LogFormat "INSERT INTO blackbox SET virtualhost=%v,remoteip=%a,\
        remoteport=%S,serverid=%{SERVERID}e,connectionstatus=%X,\
        remoteuser=%u,identuser=%l,datetime=%t,requestmethod=%m,\
        url=%R,protocol=%H,statusbeforeredir=%s,statusafterredir=%>s,\
        processid=%{pid}P,threadid=%{tid}P,seconds=%T,microseconds=%D,\
        bytesin=%I,bytesout=%O,bytescontent=%B,useragent=%{User-Agent}i,\
        referer=%{Referer}i,uniqueid=%{UNIQUE_ID}e" blackbox

CustomLog mysql:logwriter!logpass@localhost/apachelogs blackbox

The updated mod_log_config file adds a new logging directive, %R. This is a shortcut for the %U%q convention, for people who want to record the URL and the query string.
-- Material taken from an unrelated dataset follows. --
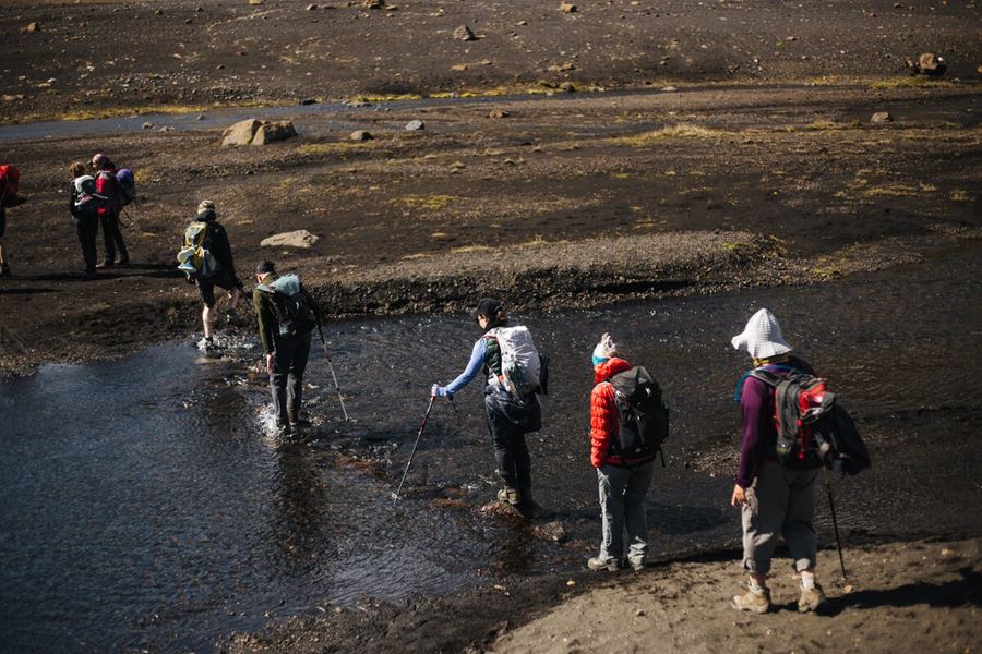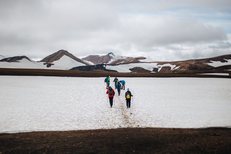 The Laugavegur Trail officially begins in the geothermal area of Landmannalaugar. Before the main trek starts the next day, you’ll head out on a warm-up hike to explore some of the area’s most scenic spots. You’ll walk past the rugged Laugahraun lava field, the colorful Grænagil canyon, and the dark slopes of Bláhnjúkur volcano. It’s a gentle first look at the trail’s wild beauty.

The mod_log_mysql module connects as a client to the database server and passes along the insert statement exactly as specified in the configuration file. The code modifies the statement to escape strings properly, escaping certain characters to minimize SQL injection attacks.

If there are errors in the statement, inspect the MySQL server log to check for bad input. You can also check the Apache error logs for SQL statement errors.

Identifying individual web servers

If you look at the CREATE and INSERT statements in the above examples, you'll notice an additional field. The serverid field is a string used to identify a running server instance.

Centralizing the web server logs creates a tracking problem. There must be a foolproof way to determine which server has handled each entry in the database. Remember, it's possible for the Apache server to run in a wide variety of host environments:

Multiple Apache servers on different hosts serving the same web site
Multiple Apache servers running on the same host, each listening on a unique IP and serving different web sites
One Apache server running on the same host, listening on multiple IPs and serving different web sites

The best way to identify these servers is to create an environment variable for each Apache process pool. Each web server's configuration should create an environment variable that will identify the pool. Here's the relevant snippet from httpd.conf:

SetEnv SERVERID apache1

That one variable needs to identify this server for every possible hit it will answer, whether that hit comes across different IPs in the pool or different virtual hosts.

The other way to address this issue is to have each web server write to a separate table in the same database. That's always an option, but you should still use the serverid field for when you want to do comparative operations. That way you can merge or split tables at a later time based on its value.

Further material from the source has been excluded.